Now assume that two process P1 & P2 tries to create root node concurrently.
Case- 1:
"Context Switch" happens on line 5 in P1
P2 completes creating the root
Result:
P1 fails in updating the root reference. Data structure is in consistent state.
Similarly for insertAfterNode() functions there are two possible inconsistent states
(*) itemAfter.next has been changed (by other process)
(*) itemAfter has been deleted (by other process)
Concurrent Insertion:
Initial structure
A -> E -> H
P1 - insert(A,"B")
P2 - insert(A,"D")
Both the process try to insert after A and only one can succeed.
Combination of context switch snapshot will be something like
P1 (started) - 12. LinkedList newItem = new LinkedList();
13. newItem.data = dt;
14. newItem.next=itemAfter.next;
/*
newItem->next & itemAfter-> next = "E"
*/
- -----------------------------------------------------------------------------
- P2 (Context switch)
- 12. LinkedList newItem = new LinkedList();
13. newItem.data = dt;
14. newItem.next=itemAfter.next;
/*
newItem->next & itemAfter->next = "E"
*/
------------------------------------------------------------------------------ - P1 (Context switch)
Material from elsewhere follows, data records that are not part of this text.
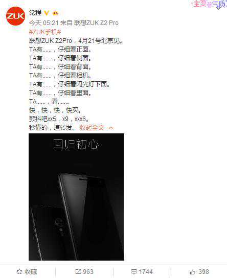 4月14日早上,ZUK总裁常程在微博曝光一张海报,海报主题为“回归初心”,海报还有展示一款手机,很有可能就是即将发布的ZUKZ2Pro,从图中可以看出该机配备有2.5D屏幕,而在机身背部除了镜头和闪光灯外,还有一个部件具体是什么功能目前还不得而知。
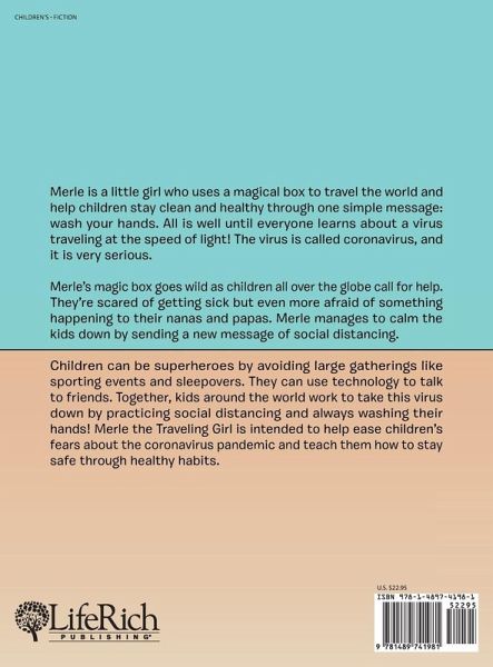 Merle is a little girl who uses a magical box to travel the world and help children stay clean and healthy through one simple message: wash your hands. All is well until everyone learns about a virus traveling at the speed of light! The virus is called coronavirus, and it is very serious. Merle's magic box goes wild as children all over the globe call for help. They're scared of getting sick but even more afraid of something happening to their nanas and papas. Merle manages to calm the kids down by sending a new message of social distancing. Children can be superheroes by avoiding large gatherings like sporting events and sleepovers. They can use technology to talk to friends. Together, kids around the world work to take this virus down by practicing social distancing and always washing their hands! Merle the Traveling Girl is intended to help ease children's fears about the coronavirus pandemic and teach them how to stay safe through healthy habits.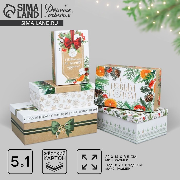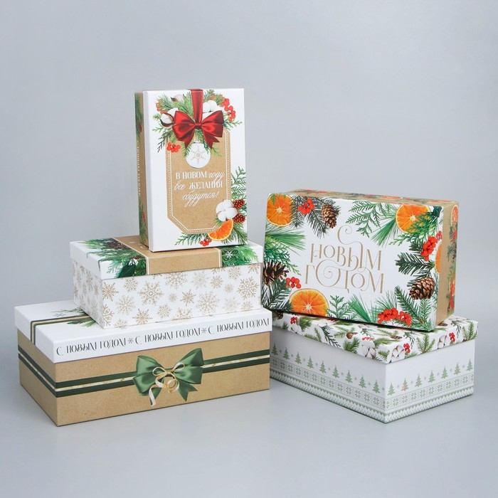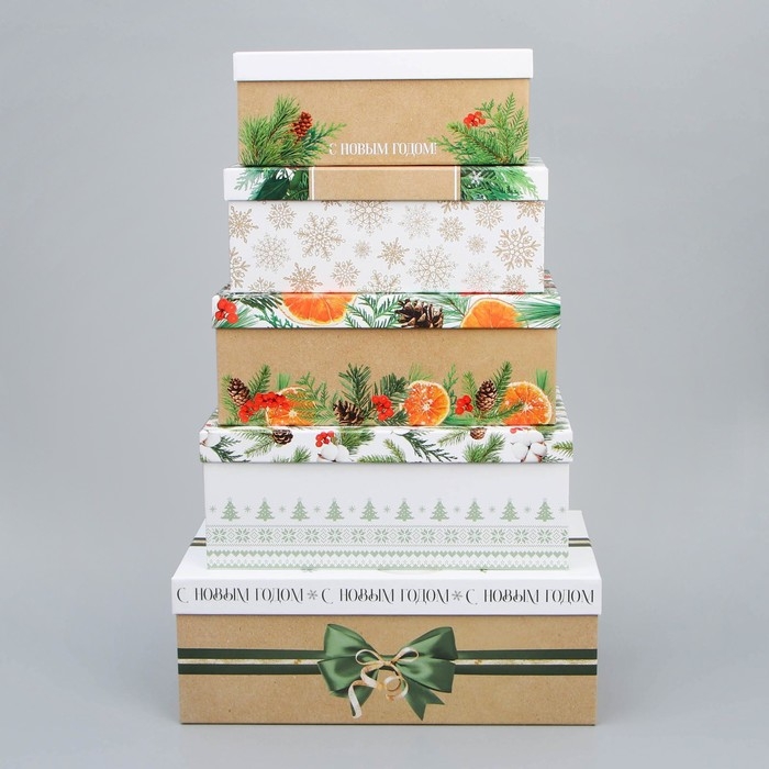 Набор подарочных коробок 5 в 1 «Новогодний», 22 х 14 х 8.5 ‒ 32.5 х 20 х 12.5 см, Новый год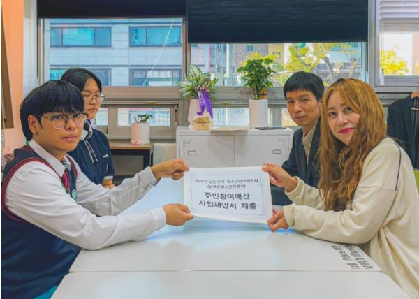 [한국뉴스타임=편집국] 남양주시는 지난 30일, 늘푸른청소년위원회가 청소년의 안전과 권익 향상을 위해 ‘안전한 귀갓길 만들기’ 사업을 주민참여예산으로 제안하고 시 예산과에 제안서를 제출했다고 밝혔다.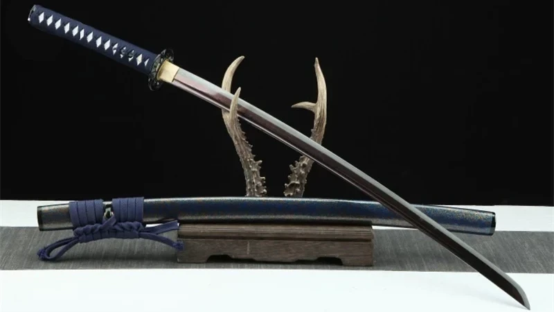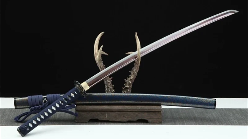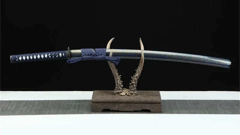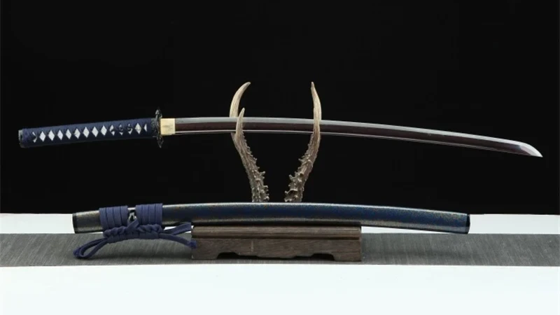 Ruri- eli Lapislatsuli -katana-miekka on varustettu damaskusteräksellä, jonka terä on kiehtovissa sinisen ja punaisen sävyissä. Ontto, nelilehtinen apilanmuotoinen suojus lisää miekkaan ainutlaatuisen, elegantin vivahteen ja tarjoaa erinomaisen otteen. Valkoisella rauskujen nahalla päällystetty kahva on ympäröity sinisellä timanttikuviolla, joka tarjoaa sekä mukavuutta että esteettistä vetovoimaa. Mustilla lohikäärmemotiiveilla koristeltu menuki lisää katanaan mystistä ulottuvuutta, kun taas mustat Fuchi ja Kashira, joihin on kaiverrettu herkät kukat, täydentävät tämän mestariteoksen täydellisesti. Lopuksi Ruri on sijoitettu rakeiseen siniseen lakattuun puutuppiin, joka kiinnitetään vyötärölle paksulla sinisellä Sageolla, joka muistuttaa jälleen tämän älykkyyttä symboloivan sinisen kiven väreistä.

15. if (atomicreferencefieldupdater.compareAndSet- (itemAfter.next,newItem.next,newItem))
16. {
17. return true;
18. }
/*
nextItem->next="E" , itemAfter->next="B"
*/
- ------------------------------------------------------------------------------
- P2 (Context switch)
- 15. if(atomicreferencefieldupdater.compareAndSet(itemAfter.next,newItem.next
- , newItem))
- /* fails nextItem->next="E" but itemAfter->next="B" */
Similarly if Process 2 (P2) is executed to completion in one execution P1 CAS will fail and returns "false" and the linked list will look like
"A" -> "D" -> "E" -> "H"
Concurrent Insertion and Deletion:
Now let's see how "Deletion" works:
P1 inserts new element "F" after "E".
P2 deletes the element "E"
P1 (Started)
12. LinkedList newItem = new LinkedList();
13. newItem.data = dt;
14. newItem.next=itemAfter.next;
/*
newItem->next & itemAfter->next = "E"
*/
- ------------------------------------------------------------------------------
- P2 (Context switch)
- xx. LinkedList item2Del=param1.next;
xx. return CAS(param1.next,item2Del,item2Del.next); - /* P2 executed to the completion
- "A"->"B"->"D"->"H" ->"E->next=null"
Note: E cannot be GC'ed as the reference is still in P1
*/
-------------------------------------------------------------------------------------
P1 (Context Switch)
15. return CAS(reference,oldValue,newValue);
/* The above operations fails as
newItem.next="H" but itemAfter.next=null
*/
P1 has to be performed again.
References:
http://en.wikipedia.org/wiki/Compare-and-swap
http://citeseer.ist.psu.edu/herlihy93waitfree.html
It's quite unclear for me as how all this will work in a multiprocessor environment except to know that Multiprocessor environments uses some sort of semaphore/mutex to access the shared memory (if it's so then it's not truly lock free).